管理者が把握しない「シャドーIT」のリスクは高いといえるでしょう。既存のひな型を活用してルールを整備しつつ、技術的に特定の操作を拒否する「ガードレール」を用意することで、安全な活用が可能になります(加藤氏)
⑤デザインシステムブランドの一貫性を担保
AIでマーケティングコンテンツを生成する際、ブランドイメージを100%維持するのはまだ難しい。そのため、禁則事項などをまとめた「デザインシステム」をAIに認識させる必要がある。アドビの「Adobe GenStudio」のように、自社のガイドラインやペルソナに合わせて画像を生成できる製品の活用も、一貫性を保つための有効な手段となる。
⑥組織文化好奇心を引き出す「チェンジマネジメント」
日本の職場ではAI利用に対する好奇心は高いが、同時に「仕事を失うのではないか」という不安も抱えている。

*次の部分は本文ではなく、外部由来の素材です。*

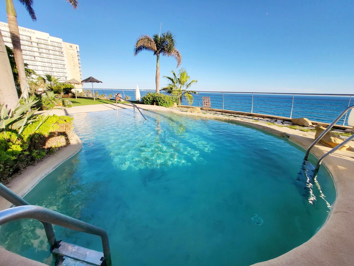 Preciós apartament d'1 habitació, 40 m2 i terrassa de 60 m2. Molt acollidor. Té vistes a l'oceà i sol tot el dia. Mira cap a l'oest. És a la planta baixa. És ideal per a una parella. NO es permeten nadons ni nens. L'edifici té 60 pisos. La piscina és de temporada i acollidora. El meu apartament és a un parell de minuts a peu del passeig marítim, de la platja de Santa Ana i del parc i de les parades d'autobús. La meva cuina està totalment equipada. Hi ha 2 aires condicionats i tots els electrodomèstics són nous. Tinc 600 MB de wifi
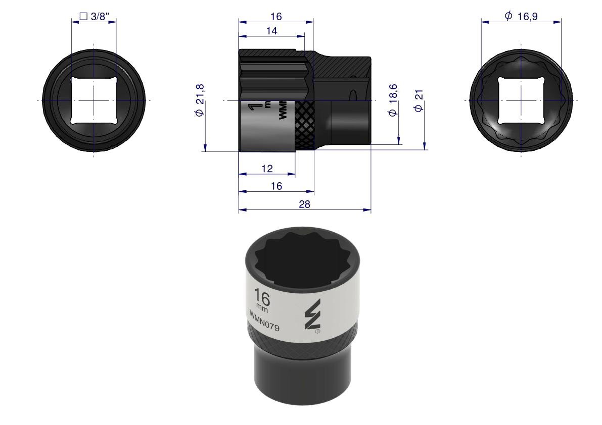 Nasadka dwunastokątna 3/8″. 16 mm. CrV50BV30. DIN 3124. Waryński
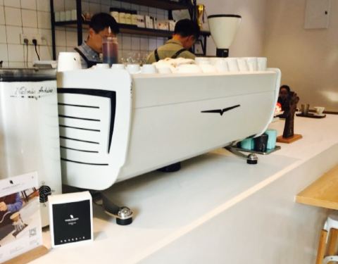 外观看上去很简洁的一家店,店内以白色为主打色,搭配原木桌子,简简单单。点的一杯拿铁一杯南非桑葚冰茶,一块蛋糕。拿铁好划算,才18,比起星爸爸的价钱,真的觉得好实惠。并且味道也很浓烈,据说是double的量呢。冰茶酸酸甜甜,是很舒适的夏日饮品,而且搭配蛋糕吃也可解腻。蛋糕是酸奶芝士,不功不过。下次还有冰滴和玫夏想尝试,只是店里座位不多,不知以后生意火爆了会不会没位子坐啊。
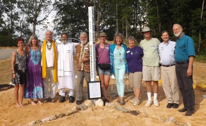 Around the Peace Pole at the Medicine Wheel (from left to right): Rev. Devon Rachelle, Reverend Laura George, J.D., His Excellency Reverend Patrick McCollum, Guruji Sri Yogacharya Arun Kumarji, Glen T. Martin, Ph.D., Eugenia, Ruth Broyde Sharone, Noel Marshall, Ph.D., Bob Warner, Reverend Don Lansky, and Chris Van Cleave
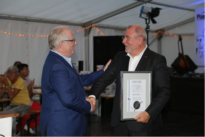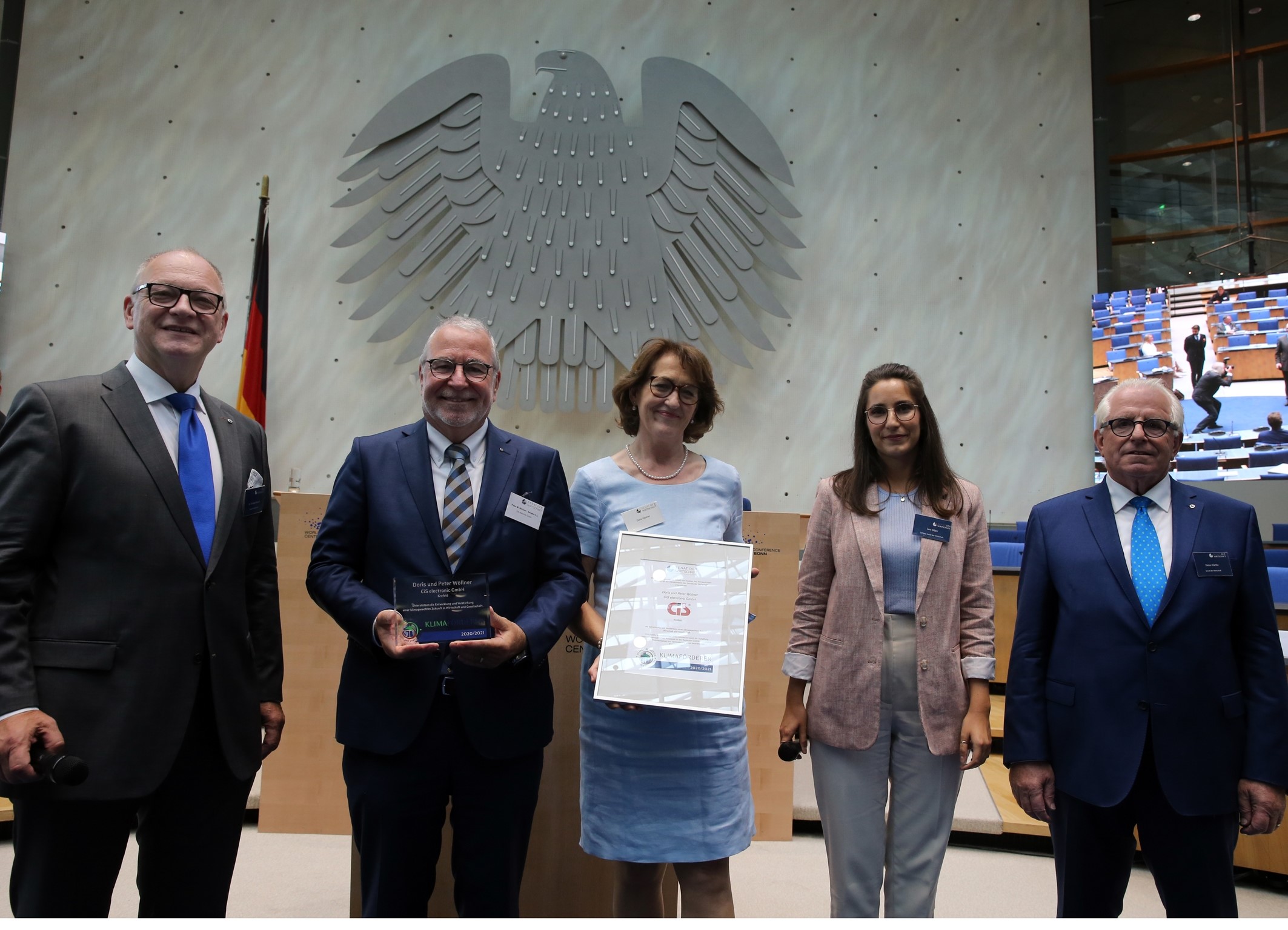 Senat der Wirtschaft, 18.09.2020 Bundestag Bonn, v.l.n.r. Dr. Christoph Brüssel, Vorstandsvorsitzender Stiftung Senat der Wirtschaft, Peter M. Wöllner, Geschäftsführer CiS electronic GmbH, Doris Wöllner, CSR-Beauftragte der CiS-Gruppe, Lara Dilger, wissenschaftliche Projektleitung Senat der Wirtschaft, Dieter Härte, Vorstandsvorsitzender Senat der Wirtschaft

好奇心はあるが不安で悲観的というのは、ワクワク感と同時に「本当に安全なのか」という戸惑いの表れかもしれません。ガバナンスを整えて不安を軽減できれば、日本でも活用が波に乗る可能性は十分にあります(加藤氏)
組織を変える際には抵抗感が伴うため、推進側はロジックだけで進める「ロジカルハラスメント」に陥らないよう注意が必要だ。各部門の責任者と対話し、協調的な姿勢で進める「チェンジマネジメント」こそが、成功の鍵となる。
AI導入にゴールはない。見直しを続けられる「組織力」を
加藤氏は、AIの発展スピードを考えれば、企業の導入に明確なゴールはないと語る。
一度やって終わりではなく、見直しを続けられる状態を組織として作ること。それこそが、今求められる本当の組織力ではないでしょうか(加藤氏)
最初からすべてを完璧にやろうとすれば、それこそ「AI疲れ」で倒れてしまう 。まずは、自社が「個人レベル」なのか「部署レベル」なのか、広木大地氏が著書「AIエージェント 人類と協働する機械」で提唱する成熟レベルの5段階と照らし合わせ、現在地を正しく把握することから始めるのがコツだという。
個人レベル、部署レベル、社内ナレッジ活用へと順に育てあげる中で、自社が今どこにいるかを把握すれば、やるべき施策に集中できる。
ミツエーリンクスは、自社の推進経過をブログなどで発信し続けていく予定だ。「小さく始めて、大きく育てる」。組織全体でAIと共生し、ビジネスを加速させるための挑戦は、まだ始まったばかりだ。